Top of INFORMATION PROVIDED
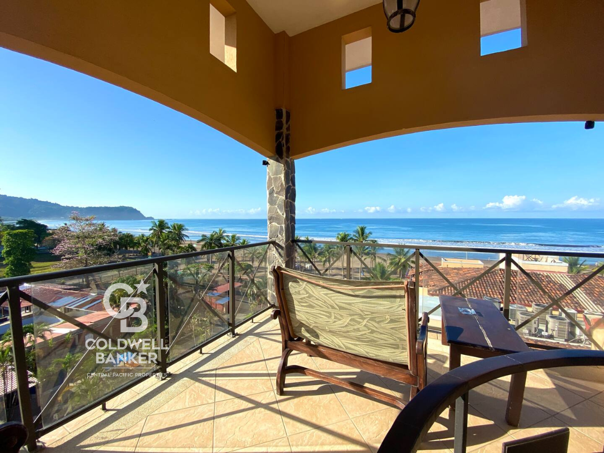 Unique opportunity to purchase direct oceanfront! This top floor condo offers breathtaking views of the ocean and provides a tranquil setting for family enjoyment. You will love the common area swimming pools, just in front of some of Jacos iconic surf. The condo boasts a charming double terrace with ocean views, perfect for indulging in a good book, savoring a glass of wine, and witnessing a magnificent sunset. It's the ideal place for your family to relax and unwind.
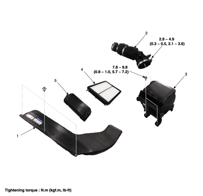 Hyundai Sonata: система впуска и выпуска / компоненты воздухоочистителя и расположение компонентов
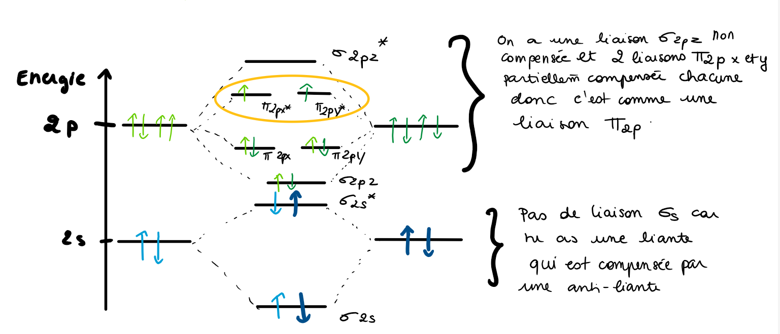 Tuteur ArthurD Posted Sunday at 07:20 AM Tuteur Posted Sunday at 07:20 AM Salut ! je vais essayer de compléter la réponse de @Aleksandra en t’expliquant avec mes mots à quoi correspondent les orbitales. Deux atomes interagissent par l’intermédiaire de leurs atomes de couche externe ( valence ) ici il s’agit des électrons 2s ( qui en contient 2 ) et 2p ( qui en contient 4 ) pour former tes orbitales moléculaires. Par ailleurs à chaque interaction entre 2 orbitales atomique va engendrer une orbitale liante ( basse en énergie ) et une anti liante ( haute en énergie ). Son caractère pi ou sigma va lui dépendre de si ces orbitales atomiques se recouvrent en axiale (sigma) ou en latéral (pi) ( Il me semble qu’il y a un schéma pas mal dans ton cours sur les liaisons ). Pour répondre donc à ta question tes deux orbitales 2px et 2py ( liantes et anti liantes ) correspondent au recouvrement latéral des orbitales atomique 2px et 2py entre chaque atome d’oxygène ! J’espère que ce sera plus clair c’est pas évident à expliquer sans rentrer trop dans les détails n’hésite pas si tu as d’autres questions ! MJcmoi, Aleksandra and Ankyyrine 1 2 Quote
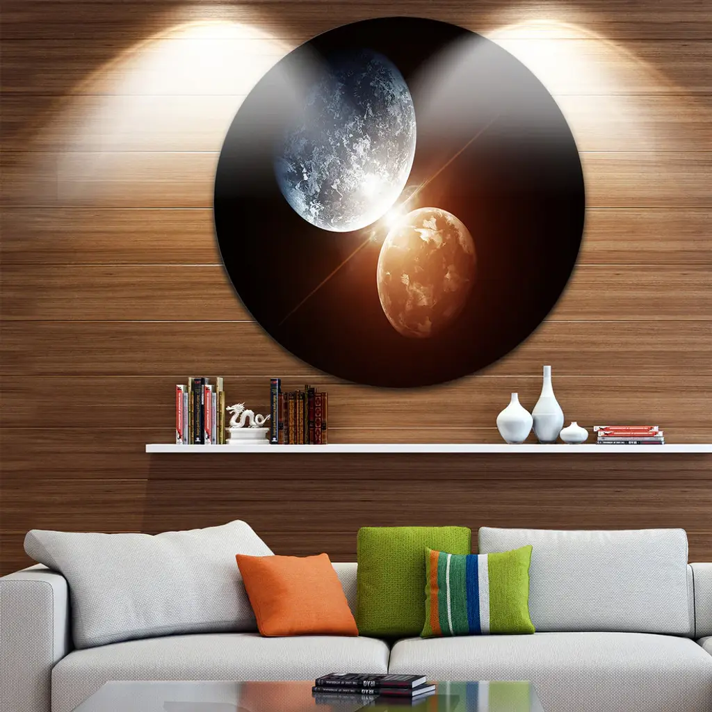Kiss Between Two Planets, Modern Spacescape Round Metal Wall Art, 38"
Bottom of INFORMATION PROVIDED
ACTIVITY:
Reproduce the listing above exactly, without a single picture.

ANSWER TO THIS EXERCISE:
 Unique opportunity to purchase direct oceanfront! This top floor condo offers breathtaking views of the ocean and provides a tranquil setting for family enjoyment. You will love the common area swimming pools, just in front of some of Jacos iconic surf. The condo boasts a charming double terrace with ocean views, perfect for indulging in a good book, savoring a glass of wine, and witnessing a magnificent sunset. It's the ideal place for your family to relax and unwind.
 Hyundai Sonata: система впуска и выпуска / компоненты воздухоочистителя и расположение компонентов
 Tuteur ArthurD Posted Sunday at 07:20 AM Tuteur Posted Sunday at 07:20 AM Salut ! je vais essayer de compléter la réponse de @Aleksandra en t’expliquant avec mes mots à quoi correspondent les orbitales. Deux atomes interagissent par l’intermédiaire de leurs atomes de couche externe ( valence ) ici il s’agit des électrons 2s ( qui en contient 2 ) et 2p ( qui en contient 4 ) pour former tes orbitales moléculaires. Par ailleurs à chaque interaction entre 2 orbitales atomique va engendrer une orbitale liante ( basse en énergie ) et une anti liante ( haute en énergie ). Son caractère pi ou sigma va lui dépendre de si ces orbitales atomiques se recouvrent en axiale (sigma) ou en latéral (pi) ( Il me semble qu’il y a un schéma pas mal dans ton cours sur les liaisons ). Pour répondre donc à ta question tes deux orbitales 2px et 2py ( liantes et anti liantes ) correspondent au recouvrement latéral des orbitales atomique 2px et 2py entre chaque atome d’oxygène ! J’espère que ce sera plus clair c’est pas évident à expliquer sans rentrer trop dans les détails n’hésite pas si tu as d’autres questions ! MJcmoi, Aleksandra and Ankyyrine 1 2 Quote
Kiss Between Two Planets, Modern Spacescape Round Metal Wall Art, 38"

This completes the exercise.